WORK TO COMPLETE
An exact restatement of all the data is required, with the pictures left out.

INFORMATION SUPPLIED
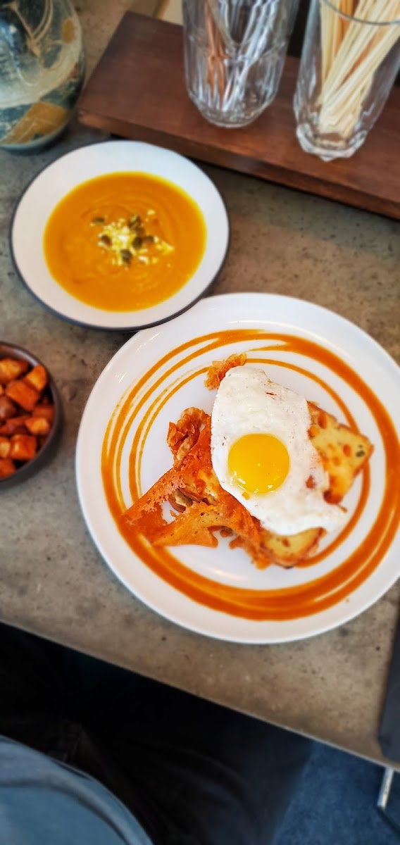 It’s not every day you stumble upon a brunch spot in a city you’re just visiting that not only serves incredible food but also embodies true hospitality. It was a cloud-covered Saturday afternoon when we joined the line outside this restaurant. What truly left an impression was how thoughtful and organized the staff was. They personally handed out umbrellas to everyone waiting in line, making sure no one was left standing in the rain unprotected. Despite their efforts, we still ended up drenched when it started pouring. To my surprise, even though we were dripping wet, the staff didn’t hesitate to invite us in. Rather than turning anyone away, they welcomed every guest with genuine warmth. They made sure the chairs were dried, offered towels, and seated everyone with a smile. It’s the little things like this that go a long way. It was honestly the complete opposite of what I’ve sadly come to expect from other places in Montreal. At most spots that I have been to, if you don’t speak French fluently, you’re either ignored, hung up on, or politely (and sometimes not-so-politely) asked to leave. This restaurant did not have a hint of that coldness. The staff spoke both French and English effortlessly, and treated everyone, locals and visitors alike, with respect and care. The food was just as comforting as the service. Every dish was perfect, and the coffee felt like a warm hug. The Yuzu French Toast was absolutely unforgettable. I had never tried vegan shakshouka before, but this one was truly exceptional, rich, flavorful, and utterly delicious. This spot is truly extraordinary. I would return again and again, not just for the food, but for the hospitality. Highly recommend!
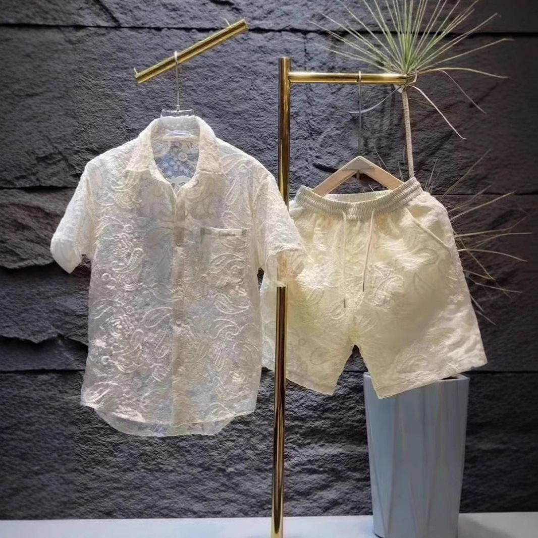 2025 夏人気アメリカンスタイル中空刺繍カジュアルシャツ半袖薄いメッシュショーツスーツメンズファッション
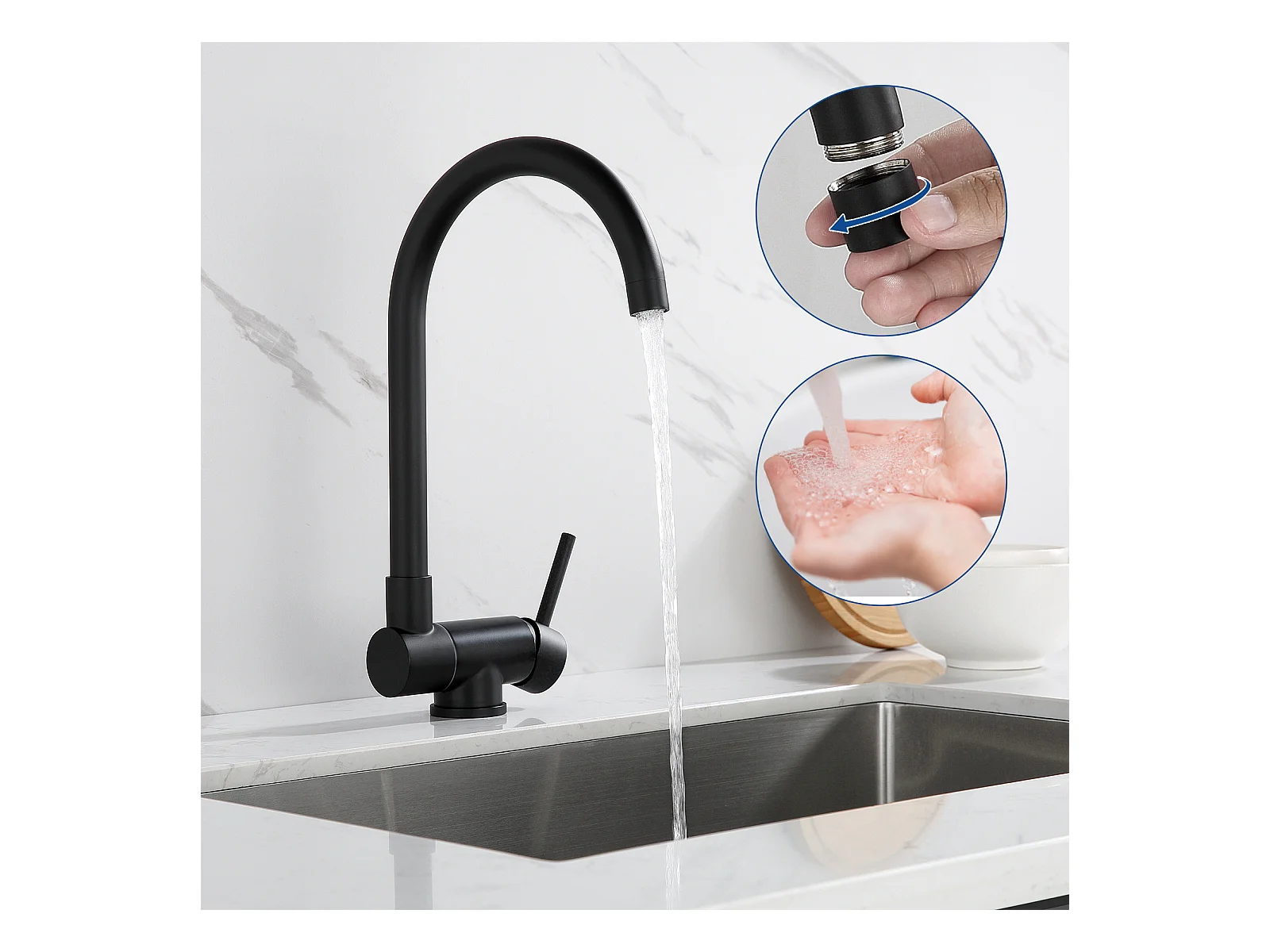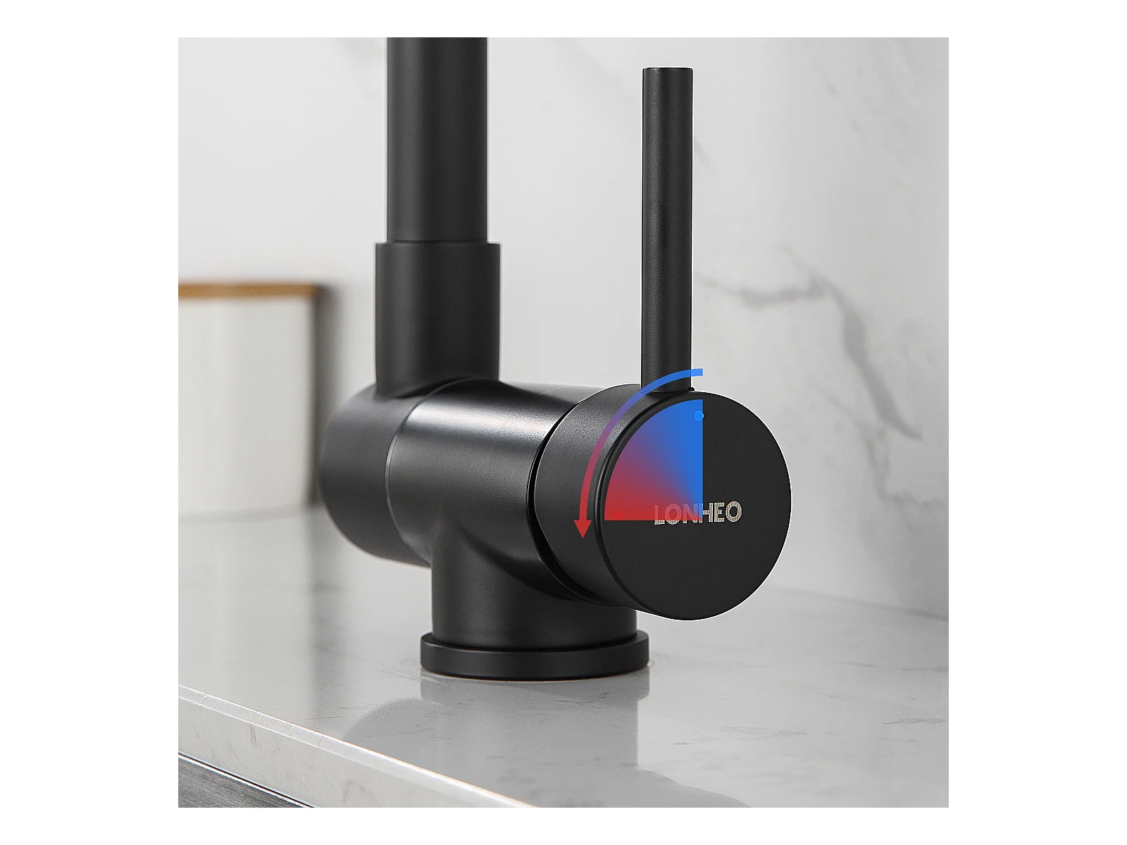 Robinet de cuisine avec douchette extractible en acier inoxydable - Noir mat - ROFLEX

OUTPUT FOR THIS TASK
 It’s not every day you stumble upon a brunch spot in a city you’re just visiting that not only serves incredible food but also embodies true hospitality. It was a cloud-covered Saturday afternoon when we joined the line outside this restaurant. What truly left an impression was how thoughtful and organized the staff was. They personally handed out umbrellas to everyone waiting in line, making sure no one was left standing in the rain unprotected. Despite their efforts, we still ended up drenched when it started pouring. To my surprise, even though we were dripping wet, the staff didn’t hesitate to invite us in. Rather than turning anyone away, they welcomed every guest with genuine warmth. They made sure the chairs were dried, offered towels, and seated everyone with a smile. It’s the little things like this that go a long way. It was honestly the complete opposite of what I’ve sadly come to expect from other places in Montreal. At most spots that I have been to, if you don’t speak French fluently, you’re either ignored, hung up on, or politely (and sometimes not-so-politely) asked to leave. This restaurant did not have a hint of that coldness. The staff spoke both French and English effortlessly, and treated everyone, locals and visitors alike, with respect and care. The food was just as comforting as the service. Every dish was perfect, and the coffee felt like a warm hug. The Yuzu French Toast was absolutely unforgettable. I had never tried vegan shakshouka before, but this one was truly exceptional, rich, flavorful, and utterly delicious. This spot is truly extraordinary. I would return again and again, not just for the food, but for the hospitality. Highly recommend!
 2025 夏人気アメリカンスタイル中空刺繍カジュアルシャツ半袖薄いメッシュショーツスーツメンズファッション
 Robinet de cuisine avec douchette extractible en acier inoxydable - Noir mat - ROFLEX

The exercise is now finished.